*Data records*:
****

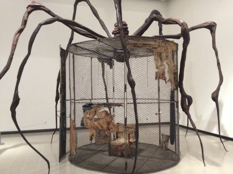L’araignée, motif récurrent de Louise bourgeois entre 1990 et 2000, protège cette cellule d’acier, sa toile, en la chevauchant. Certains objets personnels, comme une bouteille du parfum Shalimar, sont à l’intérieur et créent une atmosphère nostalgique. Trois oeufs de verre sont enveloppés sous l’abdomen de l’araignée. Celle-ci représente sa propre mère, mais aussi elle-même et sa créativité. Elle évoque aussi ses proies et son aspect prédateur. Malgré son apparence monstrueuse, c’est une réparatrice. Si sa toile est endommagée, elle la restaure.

****

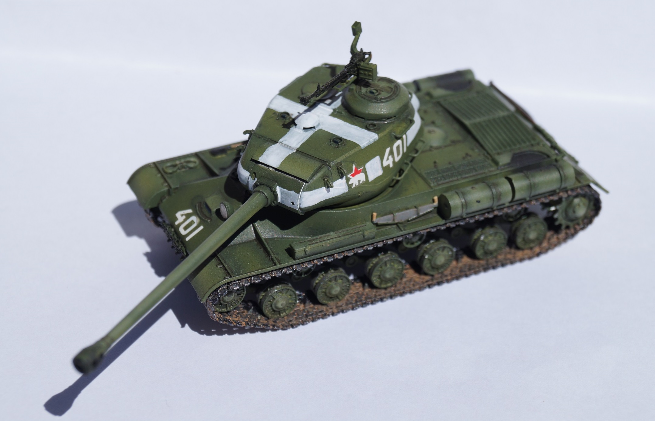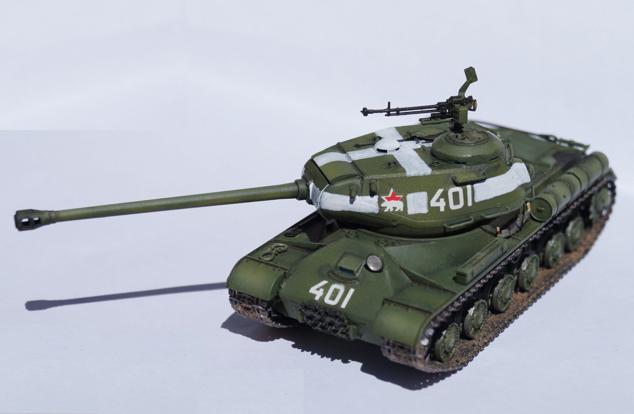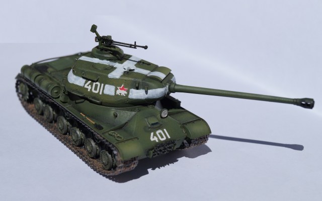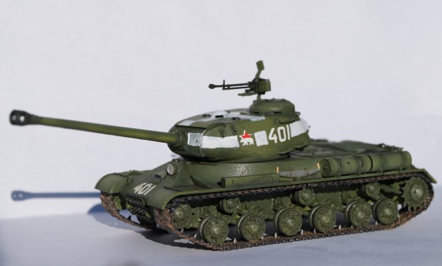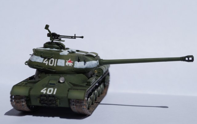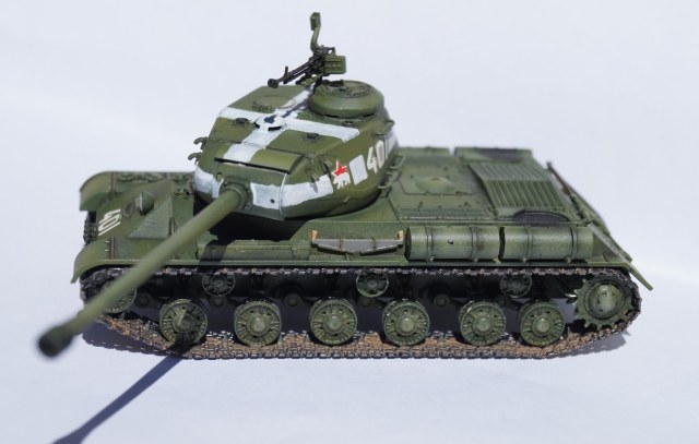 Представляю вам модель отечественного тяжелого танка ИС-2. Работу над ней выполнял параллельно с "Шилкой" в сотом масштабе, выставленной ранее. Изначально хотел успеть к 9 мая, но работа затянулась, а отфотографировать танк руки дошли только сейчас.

****

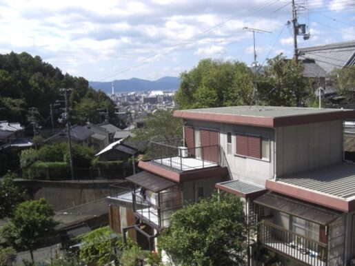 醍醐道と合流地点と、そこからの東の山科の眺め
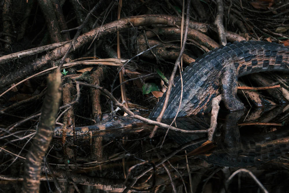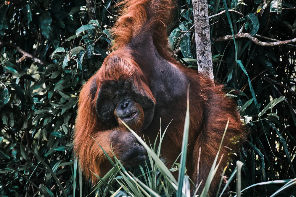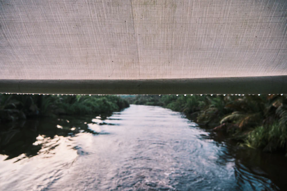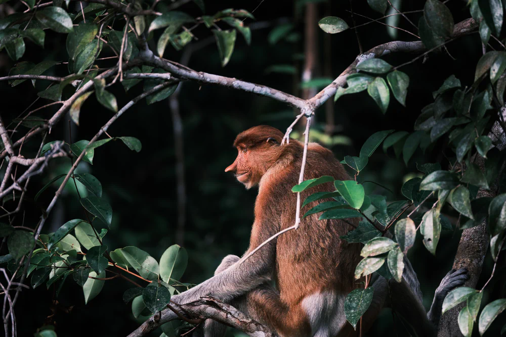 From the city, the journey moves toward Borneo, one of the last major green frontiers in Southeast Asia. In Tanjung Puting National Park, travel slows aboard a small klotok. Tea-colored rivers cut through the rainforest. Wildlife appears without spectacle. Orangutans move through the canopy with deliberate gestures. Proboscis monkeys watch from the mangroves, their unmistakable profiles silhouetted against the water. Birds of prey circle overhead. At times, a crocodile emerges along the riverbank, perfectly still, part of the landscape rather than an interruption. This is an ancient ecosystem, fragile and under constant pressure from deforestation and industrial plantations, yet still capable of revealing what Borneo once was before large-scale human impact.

****

*Description of the task*: Using the data above, return the lines from the one holding "醍醐道と合流地点と、そこからの東の山科の眺め" through the one holding "From the city, the" exactly, but not the pictures.

*Expected answer*:
 醍醐道と合流地点と、そこからの東の山科の眺め
 From the city, the journey moves toward Borneo, one of the last major green frontiers in Southeast Asia. In Tanjung Puting National Park, travel slows aboard a small klotok. Tea-colored rivers cut through the rainforest. Wildlife appears without spectacle. Orangutans move through the canopy with deliberate gestures. Proboscis monkeys watch from the mangroves, their unmistakable profiles silhouetted against the water. Birds of prey circle overhead. At times, a crocodile emerges along the riverbank, perfectly still, part of the landscape rather than an interruption. This is an ancient ecosystem, fragile and under constant pressure from deforestation and industrial plantations, yet still capable of revealing what Borneo once was before large-scale human impact.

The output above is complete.